> **DATA FOR THIS TASK**:
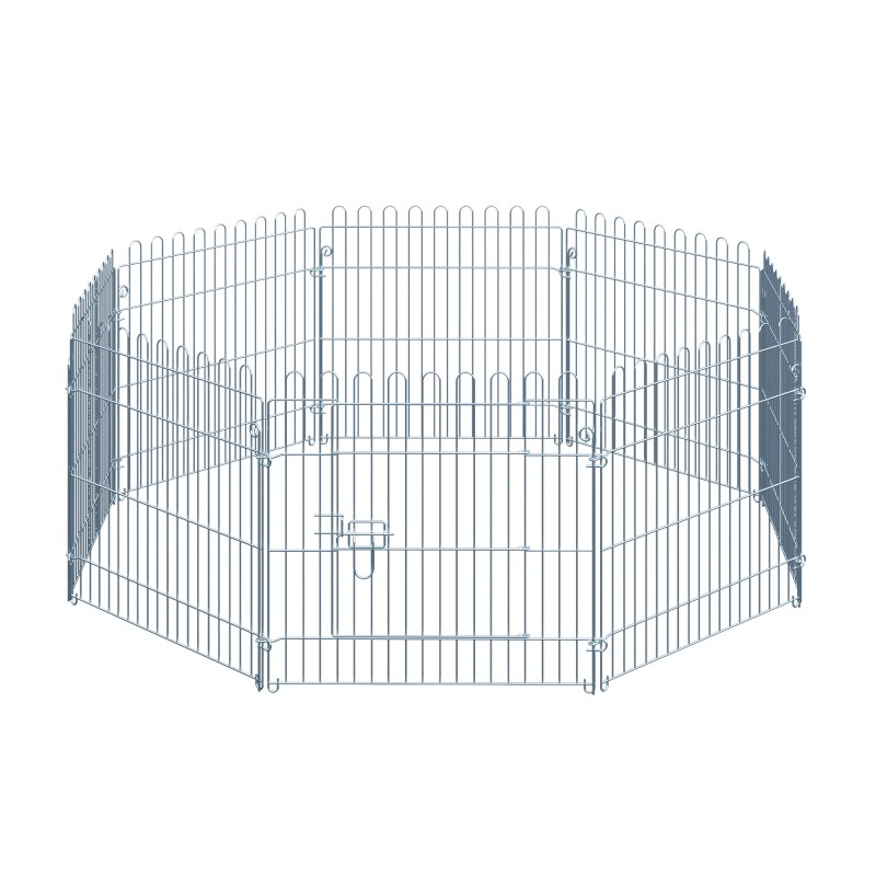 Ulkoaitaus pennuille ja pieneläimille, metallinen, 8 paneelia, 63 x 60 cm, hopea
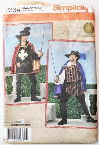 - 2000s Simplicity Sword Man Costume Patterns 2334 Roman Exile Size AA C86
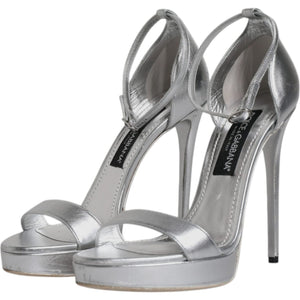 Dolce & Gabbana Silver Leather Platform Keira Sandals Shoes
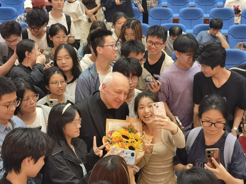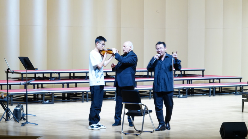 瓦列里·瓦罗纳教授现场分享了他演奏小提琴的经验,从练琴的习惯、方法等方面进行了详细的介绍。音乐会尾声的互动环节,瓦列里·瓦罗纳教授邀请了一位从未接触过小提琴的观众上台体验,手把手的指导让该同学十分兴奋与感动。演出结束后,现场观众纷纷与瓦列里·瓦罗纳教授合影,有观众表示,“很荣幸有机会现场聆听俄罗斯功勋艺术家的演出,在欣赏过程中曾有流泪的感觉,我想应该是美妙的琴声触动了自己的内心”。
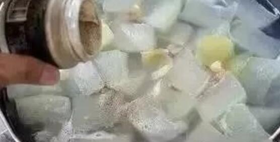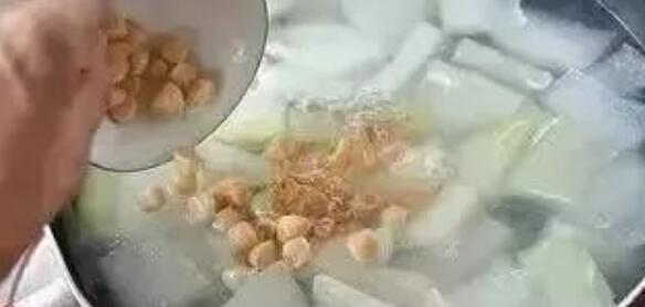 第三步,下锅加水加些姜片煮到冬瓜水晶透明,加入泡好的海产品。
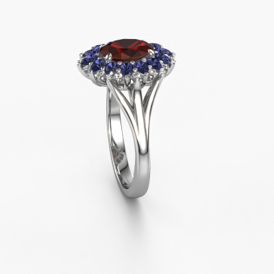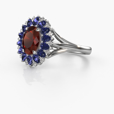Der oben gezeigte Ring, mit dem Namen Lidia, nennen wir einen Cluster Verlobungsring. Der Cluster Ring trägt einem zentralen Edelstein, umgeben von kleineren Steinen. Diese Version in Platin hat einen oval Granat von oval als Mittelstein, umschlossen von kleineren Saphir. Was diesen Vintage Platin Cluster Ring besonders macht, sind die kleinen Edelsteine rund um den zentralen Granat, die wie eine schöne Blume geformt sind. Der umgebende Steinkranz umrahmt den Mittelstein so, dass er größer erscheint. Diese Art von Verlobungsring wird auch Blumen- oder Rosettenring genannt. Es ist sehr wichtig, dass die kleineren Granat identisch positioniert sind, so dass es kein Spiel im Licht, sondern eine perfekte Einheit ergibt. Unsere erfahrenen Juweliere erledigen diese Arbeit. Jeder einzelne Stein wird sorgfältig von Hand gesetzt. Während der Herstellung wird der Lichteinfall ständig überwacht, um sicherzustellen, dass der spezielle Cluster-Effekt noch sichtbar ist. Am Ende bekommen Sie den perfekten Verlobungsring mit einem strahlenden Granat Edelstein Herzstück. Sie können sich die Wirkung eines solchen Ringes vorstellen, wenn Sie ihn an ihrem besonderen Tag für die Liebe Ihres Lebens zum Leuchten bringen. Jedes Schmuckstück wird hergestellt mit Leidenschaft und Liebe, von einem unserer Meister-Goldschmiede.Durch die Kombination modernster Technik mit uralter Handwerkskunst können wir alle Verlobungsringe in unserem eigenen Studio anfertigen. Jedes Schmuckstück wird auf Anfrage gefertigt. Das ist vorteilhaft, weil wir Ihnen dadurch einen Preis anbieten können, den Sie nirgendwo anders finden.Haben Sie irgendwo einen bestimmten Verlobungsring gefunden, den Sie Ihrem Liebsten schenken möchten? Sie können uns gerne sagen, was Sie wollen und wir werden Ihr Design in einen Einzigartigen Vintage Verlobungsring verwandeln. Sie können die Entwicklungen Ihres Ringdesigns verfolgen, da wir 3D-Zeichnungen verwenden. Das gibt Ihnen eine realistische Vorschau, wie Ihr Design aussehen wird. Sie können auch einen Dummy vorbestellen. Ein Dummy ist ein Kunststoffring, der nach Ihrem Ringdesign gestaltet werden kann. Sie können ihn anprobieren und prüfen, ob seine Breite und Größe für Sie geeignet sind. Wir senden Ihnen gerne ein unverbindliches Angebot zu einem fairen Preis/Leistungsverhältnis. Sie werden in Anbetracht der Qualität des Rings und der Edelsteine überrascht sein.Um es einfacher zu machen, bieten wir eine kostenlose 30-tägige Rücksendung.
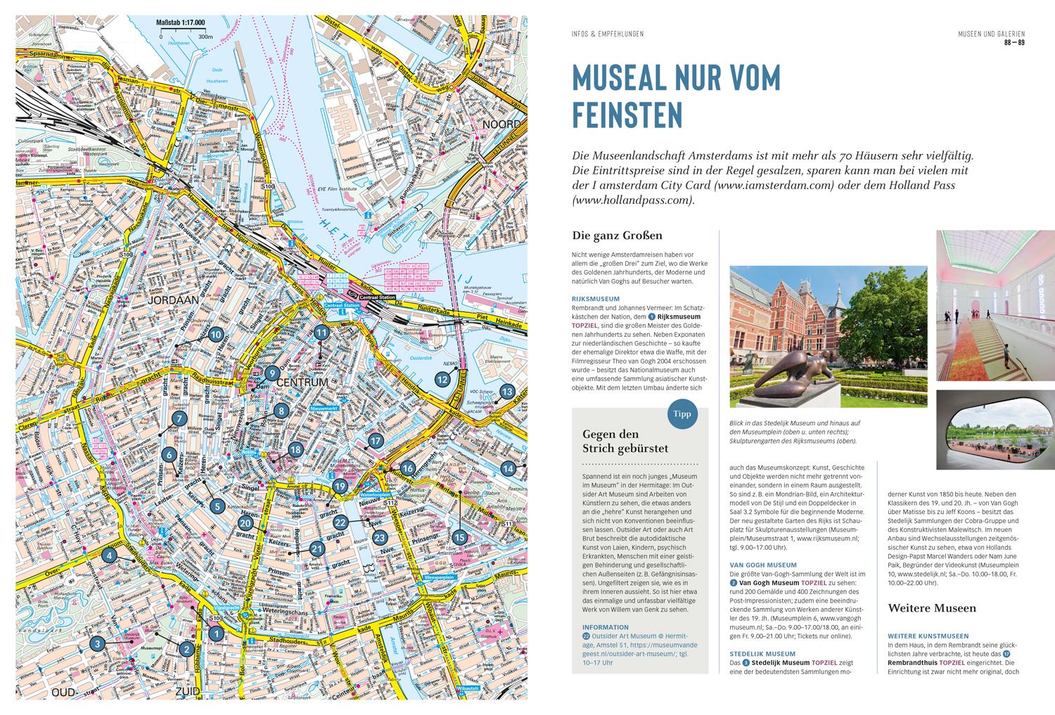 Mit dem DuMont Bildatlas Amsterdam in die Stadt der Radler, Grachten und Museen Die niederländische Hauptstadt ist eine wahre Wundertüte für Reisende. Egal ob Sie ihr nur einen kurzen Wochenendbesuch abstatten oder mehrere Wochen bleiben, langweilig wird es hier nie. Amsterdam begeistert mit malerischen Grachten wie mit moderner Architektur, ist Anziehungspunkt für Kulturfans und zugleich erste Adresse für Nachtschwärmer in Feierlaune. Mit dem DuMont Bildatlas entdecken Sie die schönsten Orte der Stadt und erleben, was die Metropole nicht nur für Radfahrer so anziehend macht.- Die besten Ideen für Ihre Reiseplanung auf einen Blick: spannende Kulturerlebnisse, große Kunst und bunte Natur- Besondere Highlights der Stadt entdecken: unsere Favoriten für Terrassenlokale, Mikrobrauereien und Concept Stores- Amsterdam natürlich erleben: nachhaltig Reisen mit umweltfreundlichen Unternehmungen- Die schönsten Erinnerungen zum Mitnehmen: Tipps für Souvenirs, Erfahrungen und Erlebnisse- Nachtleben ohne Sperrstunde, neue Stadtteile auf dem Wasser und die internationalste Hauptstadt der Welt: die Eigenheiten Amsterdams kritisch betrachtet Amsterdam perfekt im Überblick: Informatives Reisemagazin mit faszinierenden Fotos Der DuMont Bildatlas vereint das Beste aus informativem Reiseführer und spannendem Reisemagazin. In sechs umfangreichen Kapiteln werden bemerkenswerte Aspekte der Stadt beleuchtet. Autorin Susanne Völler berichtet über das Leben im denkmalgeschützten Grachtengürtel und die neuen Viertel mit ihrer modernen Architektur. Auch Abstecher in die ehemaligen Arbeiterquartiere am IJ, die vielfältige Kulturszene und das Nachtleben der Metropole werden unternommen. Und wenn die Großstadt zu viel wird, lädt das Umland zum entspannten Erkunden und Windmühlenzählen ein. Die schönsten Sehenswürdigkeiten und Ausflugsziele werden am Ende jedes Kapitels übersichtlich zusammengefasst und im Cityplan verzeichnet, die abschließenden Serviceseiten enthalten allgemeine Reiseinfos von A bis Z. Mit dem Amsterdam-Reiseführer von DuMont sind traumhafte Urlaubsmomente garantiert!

> **PROBLEM**: Please, without any of the pictures, set down exactly the lines from the beginning of the listing to the line that contains "第三步,下锅加水加些姜片煮到冬瓜水晶透明,加入泡好的海产品。", inclusive.

> **ANSWER SPACE**:
 Ulkoaitaus pennuille ja pieneläimille, metallinen, 8 paneelia, 63 x 60 cm, hopea
 - 2000s Simplicity Sword Man Costume Patterns 2334 Roman Exile Size AA C86
 Dolce & Gabbana Silver Leather Platform Keira Sandals Shoes
 瓦列里·瓦罗纳教授现场分享了他演奏小提琴的经验,从练琴的习惯、方法等方面进行了详细的介绍。音乐会尾声的互动环节,瓦列里·瓦罗纳教授邀请了一位从未接触过小提琴的观众上台体验,手把手的指导让该同学十分兴奋与感动。演出结束后,现场观众纷纷与瓦列里·瓦罗纳教授合影,有观众表示,“很荣幸有机会现场聆听俄罗斯功勋艺术家的演出,在欣赏过程中曾有流泪的感觉,我想应该是美妙的琴声触动了自己的内心”。
 第三步,下锅加水加些姜片煮到冬瓜水晶透明,加入泡好的海产品。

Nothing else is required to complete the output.